Figure 7 is a weekly price chart for ESV from April 4, 2008, through July 3, 2008. Over this period, the weekly closing price never fell below the 30-week moving average and the MACD histogram was always in positive territory. The arrows for the slow stochastic indicate when the K% line moved above the %D line (up arrow or buy signal), or when the %K line moved below the %D line (down arrow or sell signal). While the slow stochastic was showing sell, there was never a confirming sell signal from the MACD histogram, so we stayed invested in ESV. However, the price dropped almost 8% the first week of July, pushing the stochastic to a sell signal and driving the MACD histogram to its lowest level in three months. In such scenarios, you may wish to monitor a stock on a day-to-day basis in case it makes a dramatic downward move.

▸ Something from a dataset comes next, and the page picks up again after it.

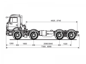Шасси 6*4, длина рамы 5 970 мм, межосевое растояние мм, грузоподъемность 12 тонн

The tools discussed here are intended to help the individual investor follow market trends (institutional investors). Given the large positions these investors usually take in individual stocks, it may take them days or even weeks to fully invest or divest. Since most individual investors don’t have to worry about impacting individual stock prices with their own purchases and sales, they can move much more quickly, getting in or out ahead of the institutional investors.
These tools are not intended to trade all stocks. Town warns that he only uses these tools to trade his Rule #1 companies. Assuming we perform our analysis correctly, the companies that pass the screen should eventually attract the attention of the market. Using the Three Tools allows us to see when the market comes calling.